ISBA's support for a shoestring version of product placement should worry both media agencies and broadcasters, both of whom are now well accustomed to penny-pinching from clients who are not content with the best value TV rates on offer for decades. Beyond the basic level of demanding continual savings, advertisers are also constantly pushing for greater transparency and, in many ways, this is a positive force. Yet it seems to be a principle that applies most when it suits the interests of the advertiser. Where, for instance, has fairness and fiscal transparency got to in the case of an advertiser attempting to use a pitch process to impose a move to 120-day payment for media on its agencies?

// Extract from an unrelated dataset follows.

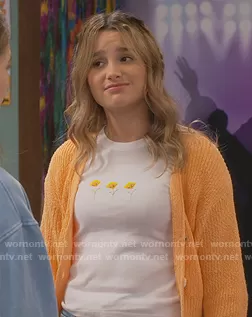 Lex (played by Jules LeBlanc) on Side Hustle on Nickeldeon was spotted wearing this orange cardigan and floral tee on Side Hustle on episode 'Vitamin D-isaster' (1x02) in Nov 2020. Lex's Top is the Floral Top by Brandy Melville . Lex's Sweater is the Kennedy Ribbed Cropped Cardigan by Urban Outfitters.

I'm all for transparency but it should work both ways.
ISBA's call for the continuation of an unofficial market in "prop placement" seems indicative of the attitude of clients who want to be treated openly and fairly themselves but are too often unable to extend the same courtesy to their suppliers. Yes, they are fighting a good fight against ad regulation but they should pay the correct price for the value that TV is currently delivering.